In New India Insurance Co. Ltd. Vs. Smt. Shanti Misra, AIR
1976 SC 237 Hon’ble Supreme Court held that discretion given by
section 5 should not be defined or crystallized so as to convert a
discretionary matter into a rigid rule of law. The expression” sufficient
cause” should receive a liberal construction.
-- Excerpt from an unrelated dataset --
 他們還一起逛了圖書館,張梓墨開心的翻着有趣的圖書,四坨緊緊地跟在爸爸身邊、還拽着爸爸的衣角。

In Shakuntala Devi Jain Vs. Kuntal Kumari, AIR 1969 SC 575,
the Hon’ble Supreme Court held that unless want bona fides of such
inaction or negligence as would deprive a party of the protection of
section 5 is proved, the application must not be thrown out of any delay
cannot be refused to be condoned.

In O.P. Kathpalia Vs Lakhmir Singh, AIR 1984 SC 1744 the
Hon’ble Supreme Court held that if the refusal to condone the delay
results in grave miscarriage of justice, it would be a ground to condone
the delay.

In view of above said facts, the revision is allowed. The order
dated 2.9.2000 passed by the District Judge, Unnao is set aside, the
matter is remanded back to the District Judge, Unnao to decide the
matter in question after giving opportunity of hearing to the parties
concerned in accordance with law expeditiously say within a period of
three months from the date of receipt of a certified copy of this order.